=== Prompt ===
Every entry that follows must be written out exactly, apart from its pictures.

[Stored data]
-- Opening Marker --

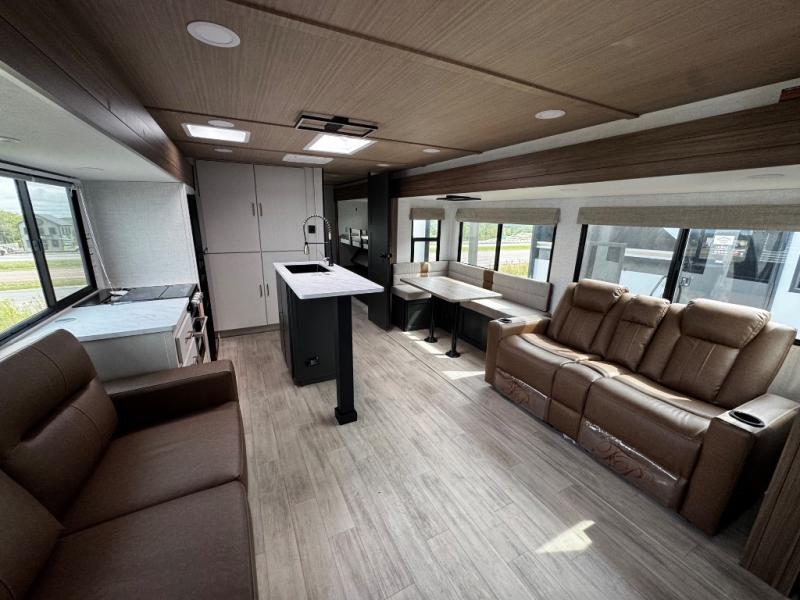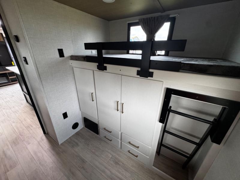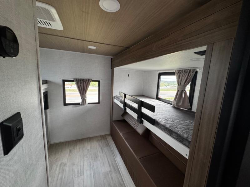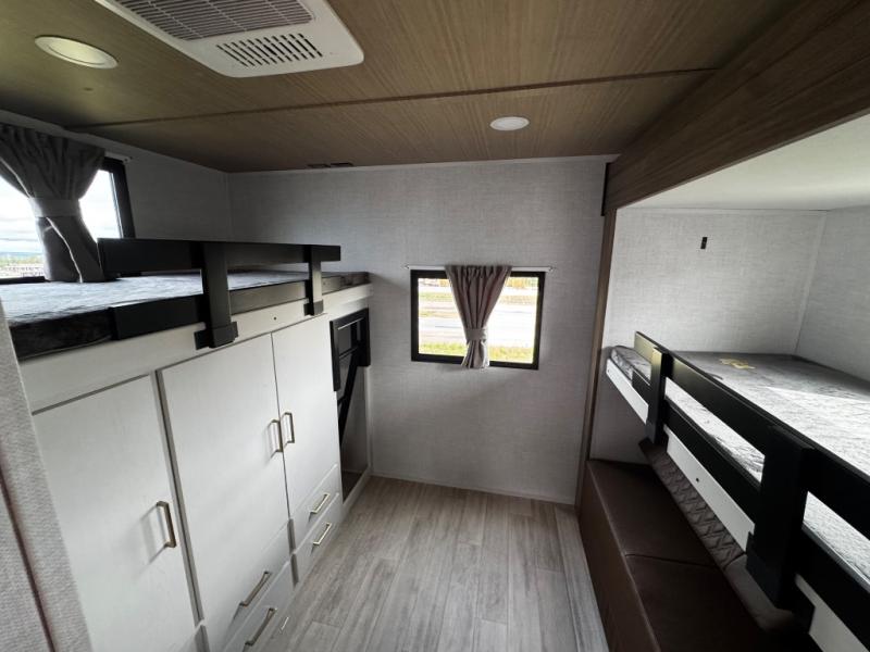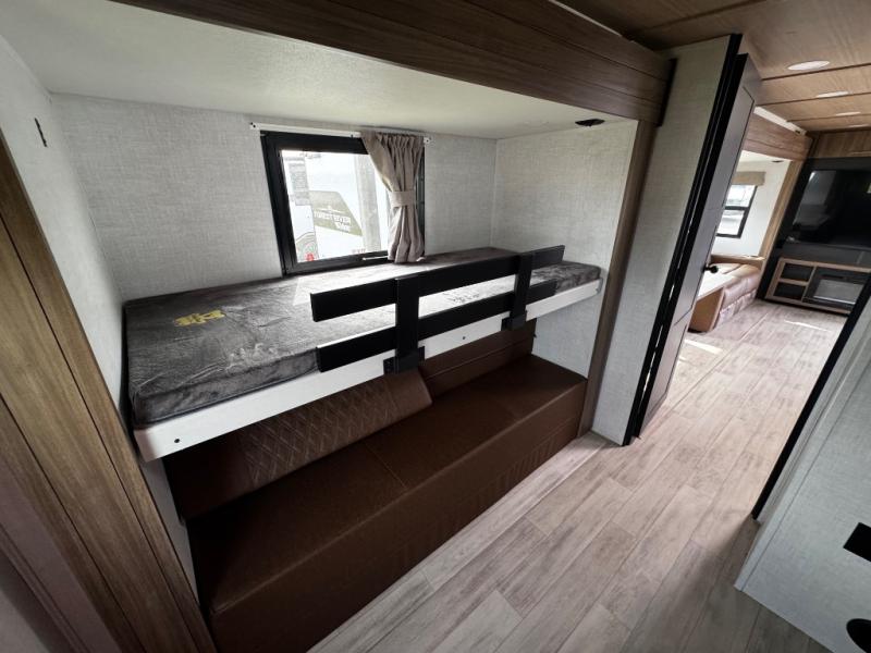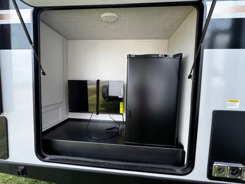 Whether you enjoy spending time outdoors or indoors, there is something for everyone in this travel trailer. The large pass-through storage can store your fishing poles, and the 20' electric awning with LED lights will create an outdoor living space. There is even an outdoor refrigerator with an outside storage cabinet and 32" TV! You will love all the interior space thanks to the dual opposing slides in the main living area, which will give the chef space to work around the kitchen island. Your crew can visit on the tri-fold sofa, theater seating and 5-person dinette while the fireplace is going, but you'll probably find the kids spending most of their time in the private bunkhouse! What more could you want in a travel trailer?!
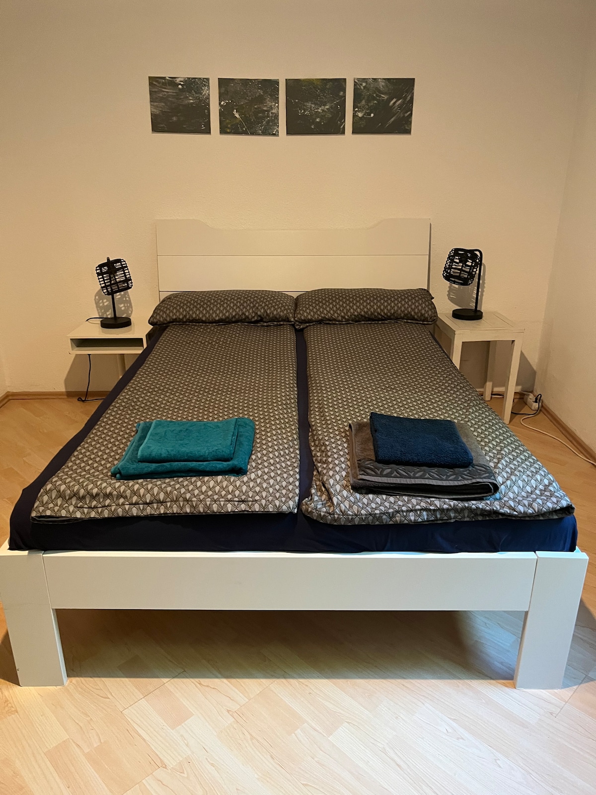 Björt, nútímalega innréttuð 45 m² íbúð með 2 svefnherbergjum bíður þín í Ofterdingen í næsta nágrenni við Steinlach. Íbúðin er hentugur fyrir 2 til 3 fullorðna eða fyrir 2 fullorðna og 2 börn. Notalega 9 m² svefnherbergið er með 1,40 m breitt rúm fyrir allt að tvo og fataskáp. Rúmföt eru til staðar. Hægt er að fá aukarúm fyrir smábarn ef þess er þörf.
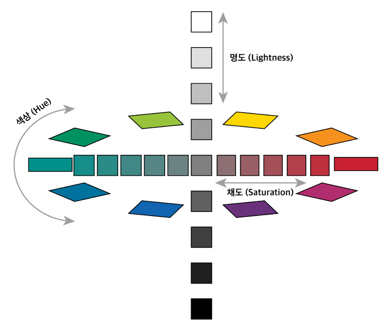 인간이 컬러를 인지할때, 밝기에 민감하며, 컬러는 그다지 민감하지 않다.
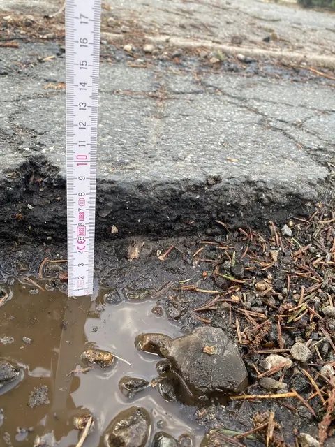 In der letzten Zeit wurden in Winsen viele Schlaglöcher ausgebessert, aber beim Roydorfer Weg ist man anscheinend noch nicht angekommen, denn seit Jahren wird die Straße immer unbefahrbarer. In Höhe der "Winsenia" ist die Straße mit Schlaglöchern verschiedener Größen übersät, was bei dem ganzen LKW-Verkehr kein Wunder ist. Dennoch sollte man etwas dagegen unternehmen. Als ich einige Schlaglöcher ausgemessen habe, staunte ich nicht schlecht, als ich sah, dass einige tiefer als 10 cm sind....
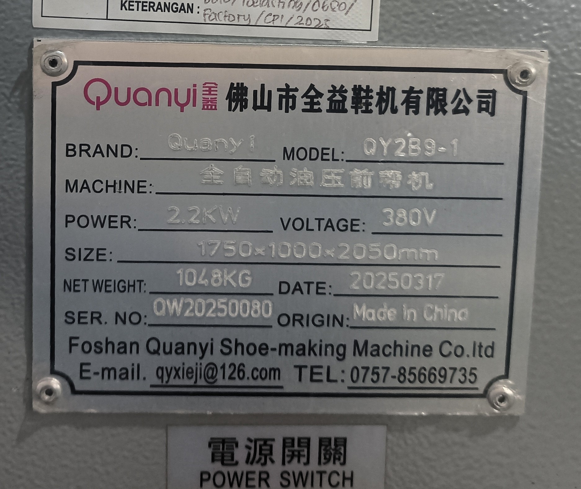 | Spesification | Power : 2 kW, Voltage : AC 380 Volt/ 50 Hz, Weight : 300 kg, Dimension (l*w*h) : 1680*980*1980 mm, Capacity : 1500pairs/10H, Oil pressure : 30-50 kg/cm² |
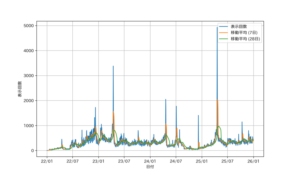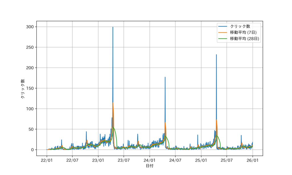 いずれの時系列データにおいても,Google Search Console より取得した日次データは青線,7 日移動平均 moving average (7 days) は赤線,28 日移動平均 moving average (28 days) は緑線で示す。
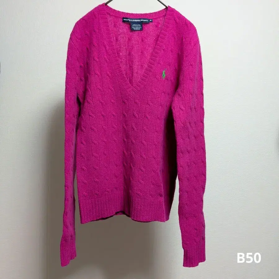랄프 로렌 스포츠 V넥 퍼플 케이블 니트 램스울 M

-- Closing Marker --

=== Result below ===
 Whether you enjoy spending time outdoors or indoors, there is something for everyone in this travel trailer. The large pass-through storage can store your fishing poles, and the 20' electric awning with LED lights will create an outdoor living space. There is even an outdoor refrigerator with an outside storage cabinet and 32" TV! You will love all the interior space thanks to the dual opposing slides in the main living area, which will give the chef space to work around the kitchen island. Your crew can visit on the tri-fold sofa, theater seating and 5-person dinette while the fireplace is going, but you'll probably find the kids spending most of their time in the private bunkhouse! What more could you want in a travel trailer?!
 Björt, nútímalega innréttuð 45 m² íbúð með 2 svefnherbergjum bíður þín í Ofterdingen í næsta nágrenni við Steinlach. Íbúðin er hentugur fyrir 2 til 3 fullorðna eða fyrir 2 fullorðna og 2 börn. Notalega 9 m² svefnherbergið er með 1,40 m breitt rúm fyrir allt að tvo og fataskáp. Rúmföt eru til staðar. Hægt er að fá aukarúm fyrir smábarn ef þess er þörf.
 인간이 컬러를 인지할때, 밝기에 민감하며, 컬러는 그다지 민감하지 않다.
 In der letzten Zeit wurden in Winsen viele Schlaglöcher ausgebessert, aber beim Roydorfer Weg ist man anscheinend noch nicht angekommen, denn seit Jahren wird die Straße immer unbefahrbarer. In Höhe der "Winsenia" ist die Straße mit Schlaglöchern verschiedener Größen übersät, was bei dem ganzen LKW-Verkehr kein Wunder ist. Dennoch sollte man etwas dagegen unternehmen. Als ich einige Schlaglöcher ausgemessen habe, staunte ich nicht schlecht, als ich sah, dass einige tiefer als 10 cm sind....
 | Spesification | Power : 2 kW, Voltage : AC 380 Volt/ 50 Hz, Weight : 300 kg, Dimension (l*w*h) : 1680*980*1980 mm, Capacity : 1500pairs/10H, Oil pressure : 30-50 kg/cm² |
 いずれの時系列データにおいても,Google Search Console より取得した日次データは青線,7 日移動平均 moving average (7 days) は赤線,28 日移動平均 moving average (28 days) は緑線で示す。
랄프 로렌 스포츠 V넥 퍼플 케이블 니트 램스울 M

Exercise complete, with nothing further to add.